Anyone But Karzai?

The recent Newsweek cover story "Obama's Vietnam" was full of trite analogies. There is no more reason to think that the war in Afghanistan will be "another Vietnam" than there was to think that Iraq would be "another Vietnam," as so many people once claimed.

But Newsweek's editors may have performed a public service by bringing up one of the biggest mistakes the United States made in Vietnam: backing the overthrow of Ngo Dinh Diem, the president of South Vietnam, in 1963. President John F. Kennedy and his aides thought Diem was a divisive, ineffective leader, and they feared that the war could never succeed with him in power. It turned out, though, that Diem's successors were even worse and that his overthrow set off a long period of instability that handicapped U.S. war efforts.

Why is this relevant today? Because senior U.S. officials increasingly blame our woes in Afghanistan on that country's leader, Hamid Karzai. The trend was already evident last February, when then-Sen. Joe Biden walked out of a dinner with the Afghan president in Kabul. Yesterday, the new director of national intelligence, Dennis Blair, condemned "Kabul's inability to build effective, honest and loyal . . . institutions." More and more, senior administration officials signal that they want to replace Karzai.

Such talk takes me back to January 2008, when, during a visit to Iraq, all the discussion I heard among Iraqi politicos and U.S. officials was about whether to push out Prime Minister Nouri al-Maliki. The consensus seemed to be that Maliki was a weak leader and scheming sectarian who was more interested in serving his Iranian "masters" than the people of Iraq. The only disagreement was over who should take his place. The inability of various political parties to agree on a successor was pretty much all that kept him from being ousted.

Just a few months later, Maliki acted against all expectations by rushing troops down to Basra to take on fighters led by Moqtada al-Sadr, to whom he was supposedly beholden. The success of that campaign then encouraged him to clear the Sadrists out of the eastern Baghdad district known as Sadr City. With those actions, Maliki dispelled the impression of weakness and earned newfound popularity with ordinary Iraqis, who rewarded his party with a strong showing in the recent provincial elections. Today, just a year from the low point, the concern is that Maliki may be growing too strong.

What brought on the change in Maliki's behavior? It's likely that he reacted to the changing conditions brought about by the U.S. troop "surge." The strategy developed by Gen.

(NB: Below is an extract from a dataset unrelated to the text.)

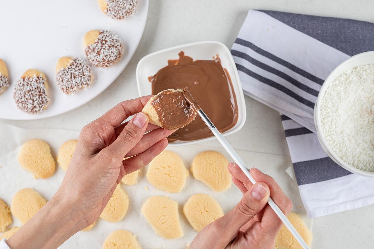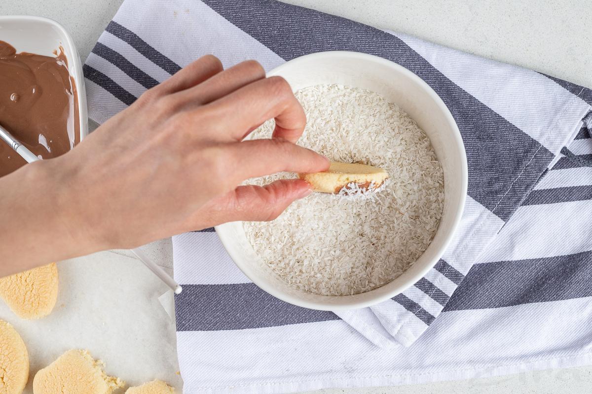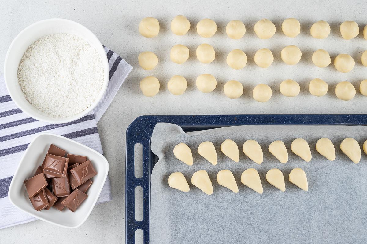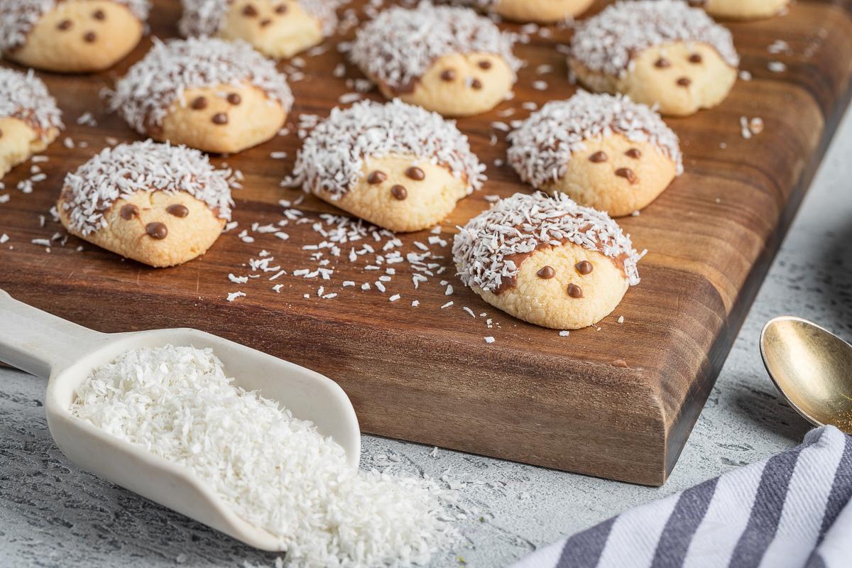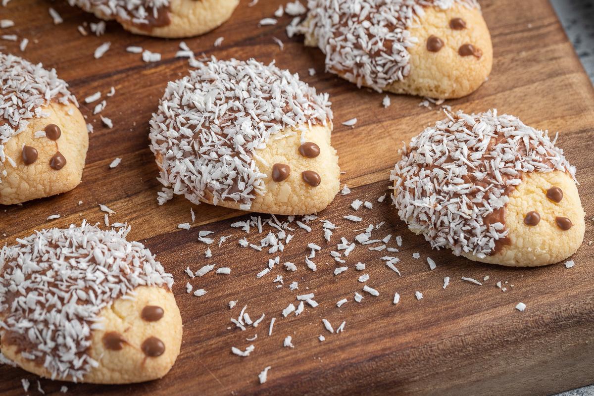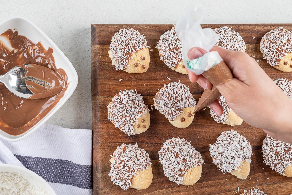 Bir qabda unun üzərinə nişasta və qabartma tozu töküb qarışdırın. Başqa bir qaba yumurta, şəkər tozu və vanil töküb 1-2 dəqiqə mikserlə yaxşıca çırpın. Üzərinə yumşaldılmış kərə yağı əlavə edib çırpmağa davam edin. Yağlı kütləyə unlu qarışığı hissə-hissə əlavə edib yumşaq xəmir yoğurun. Hazır xəmirdən 10-12 qr-lıq kündələr yuvarlayın. Kündələrə uzunsov kirpi forması verin (şəkildəki kimi). Kündələri yağlı kağız sərilmiş soba sinisinə aralıqlarla düzüb əvvəlcədən 180 dərəcə qızdırılmış sobada 15 dəqiqə bişirin. Şokoladı su hamamında əridin. Bişən peçenyelərin üzərinə fırça ilə şokolad çəkin və kokos səpin. Kokos əvəzinə doğranmış qoz-fındıq istifadə edə bilərsiniz. Qalan ərinmiş şokoladı konditer torbasına töküb gözləri və burnu düzəldin. Hazır peçenyeni zövqə görə bəzəyə bilərsiniz.

David Petraeus was to use U.S. reinforcements to target al-Qaeda in Iraq first because he knew that this group of hardened terrorists was the primary "accelerant" of violence. The sense of menace induced by al-Qaeda provided a justification for the thuggish activities of the Mahdi Army, which claimed to be protecting the Shiites. Reduce Sunni terrorism, Petraeus reasoned, and you also reduce Shiite support for the Sadrists. And that's exactly what happened. With al-Qaeda in Iraq all but defeated, Maliki felt free to move against the Mahdi Army.

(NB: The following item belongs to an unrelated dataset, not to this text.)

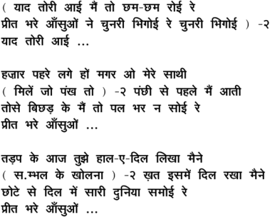 yaad torii aa_ii mai.n to chham\-chham ro_ii re

In other words, Maliki only looked weak at a time when conditions in Iraq were so dire that any leader would have had trouble exercising authority. Improvements in security have led to improvements in governance.

There is no reason the same dynamic can't operate in Afghanistan. It wasn't so long ago that Karzai was seen as a model leader. Remember when many despaired of Iraq's future because it didn't have a leader of Karzai's caliber? Some of the early hype may have been exaggerated, but Karzai was reasonably effective from 2003 to 2005, when the Taliban was still licking its wounds and security conditions were fairly "permissive." It helped that Zalmay Khalilzad was the U.S. ambassador. A native of Afghanistan, Khalilzad was close to Karzai but also tough on him, pushing him to crack down on corruption and improve regional governance. After Khalilzad left in 2005, U.S. policy seemed to drift, and the Taliban staged a resurgence.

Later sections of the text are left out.